• _INSTRUCTIONS FOR THE TASK_: Pictures in the data below are not part of the copy; transcribe everything else exactly.

• _INFORMATION PROVIDED_:
....................

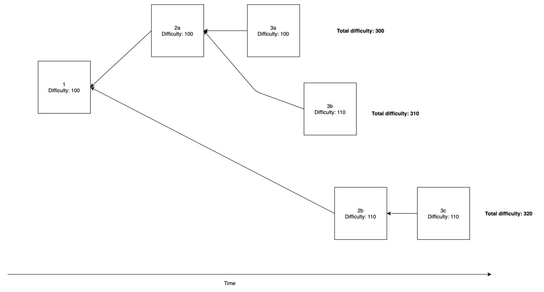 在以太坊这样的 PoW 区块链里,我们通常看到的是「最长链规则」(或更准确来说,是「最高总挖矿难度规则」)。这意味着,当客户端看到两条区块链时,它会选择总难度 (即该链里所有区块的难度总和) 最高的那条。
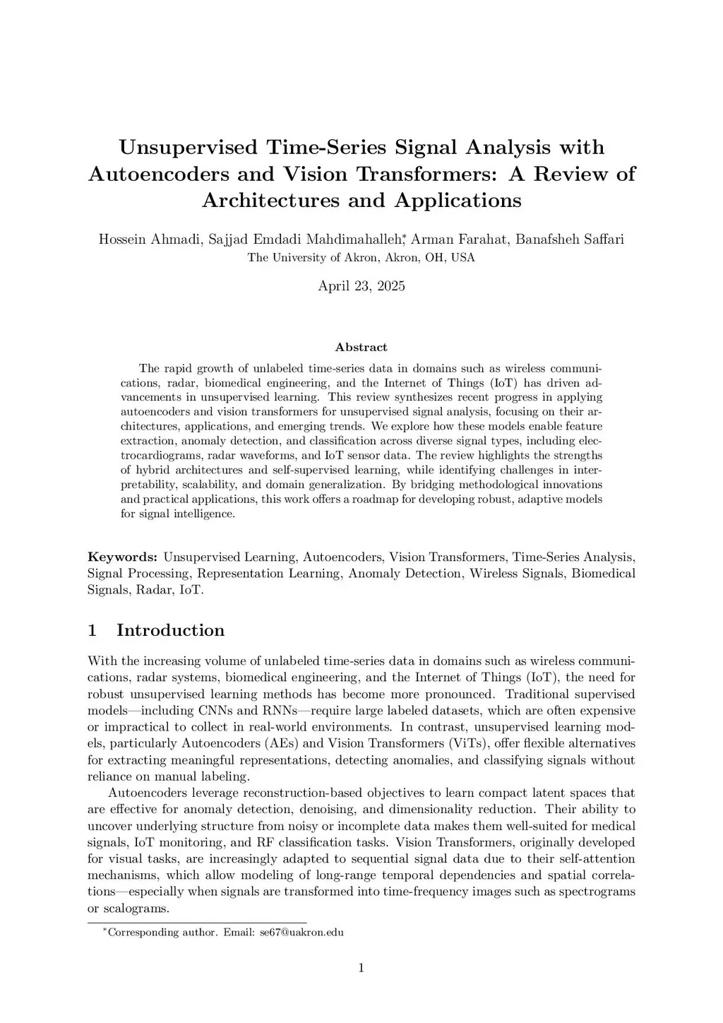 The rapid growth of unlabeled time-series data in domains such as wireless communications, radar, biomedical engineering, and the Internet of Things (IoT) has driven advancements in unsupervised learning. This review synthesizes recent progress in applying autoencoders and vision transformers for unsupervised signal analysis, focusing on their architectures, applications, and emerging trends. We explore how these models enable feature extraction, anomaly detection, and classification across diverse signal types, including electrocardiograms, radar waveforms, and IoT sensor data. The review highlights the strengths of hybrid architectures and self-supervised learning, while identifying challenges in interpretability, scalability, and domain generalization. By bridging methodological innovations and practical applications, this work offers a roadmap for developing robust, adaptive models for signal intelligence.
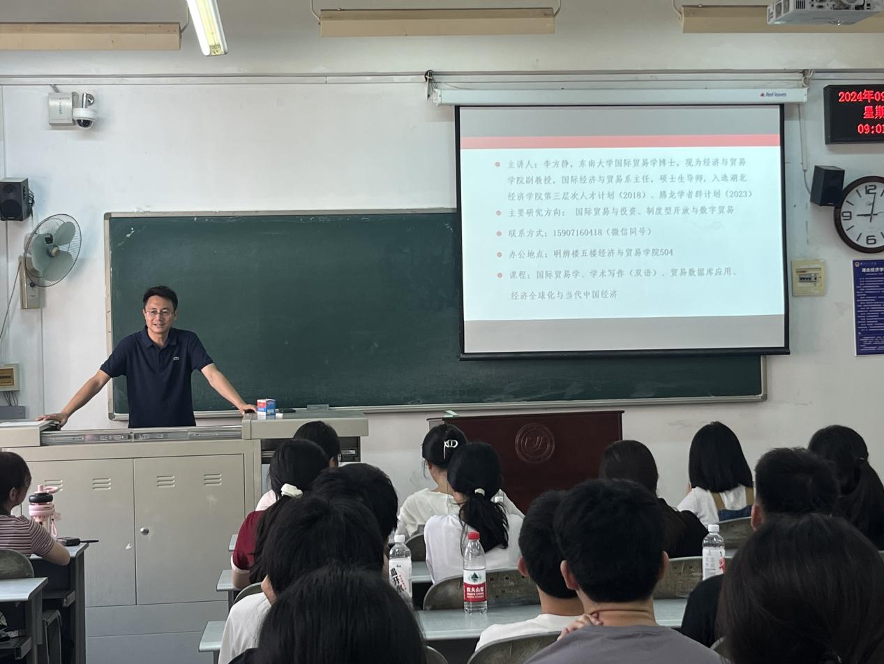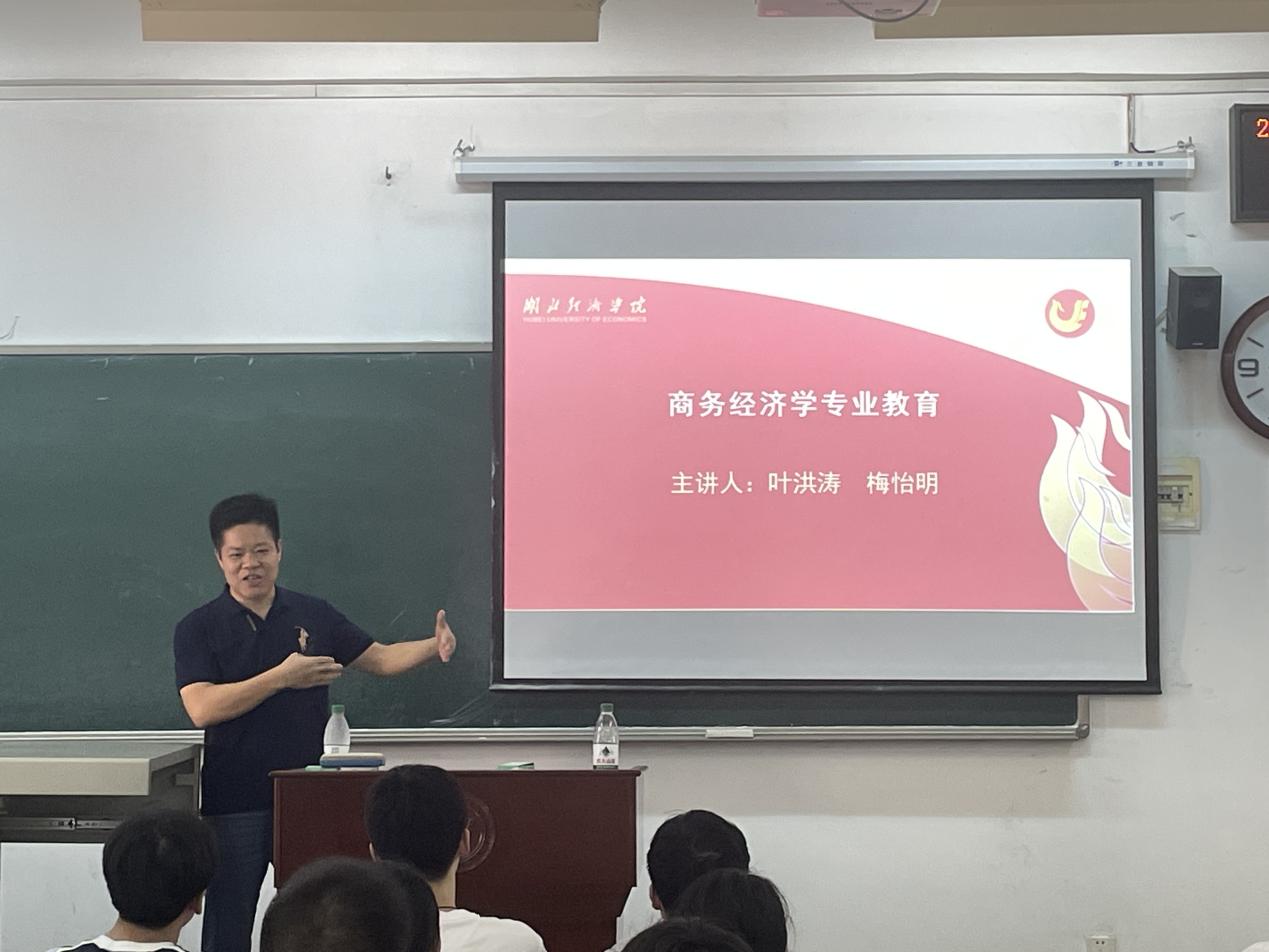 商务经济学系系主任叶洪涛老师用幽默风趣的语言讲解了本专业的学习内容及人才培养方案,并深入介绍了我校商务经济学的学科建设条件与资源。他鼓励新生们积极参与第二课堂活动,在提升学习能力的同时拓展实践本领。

....................

• _TASK ANSWER_:
 在以太坊这样的 PoW 区块链里,我们通常看到的是「最长链规则」(或更准确来说,是「最高总挖矿难度规则」)。这意味着,当客户端看到两条区块链时,它会选择总难度 (即该链里所有区块的难度总和) 最高的那条。
 The rapid growth of unlabeled time-series data in domains such as wireless communications, radar, biomedical engineering, and the Internet of Things (IoT) has driven advancements in unsupervised learning. This review synthesizes recent progress in applying autoencoders and vision transformers for unsupervised signal analysis, focusing on their architectures, applications, and emerging trends. We explore how these models enable feature extraction, anomaly detection, and classification across diverse signal types, including electrocardiograms, radar waveforms, and IoT sensor data. The review highlights the strengths of hybrid architectures and self-supervised learning, while identifying challenges in interpretability, scalability, and domain generalization. By bridging methodological innovations and practical applications, this work offers a roadmap for developing robust, adaptive models for signal intelligence.
 商务经济学系系主任叶洪涛老师用幽默风趣的语言讲解了本专业的学习内容及人才培养方案,并深入介绍了我校商务经济学的学科建设条件与资源。他鼓励新生们积极参与第二课堂活动,在提升学习能力的同时拓展实践本领。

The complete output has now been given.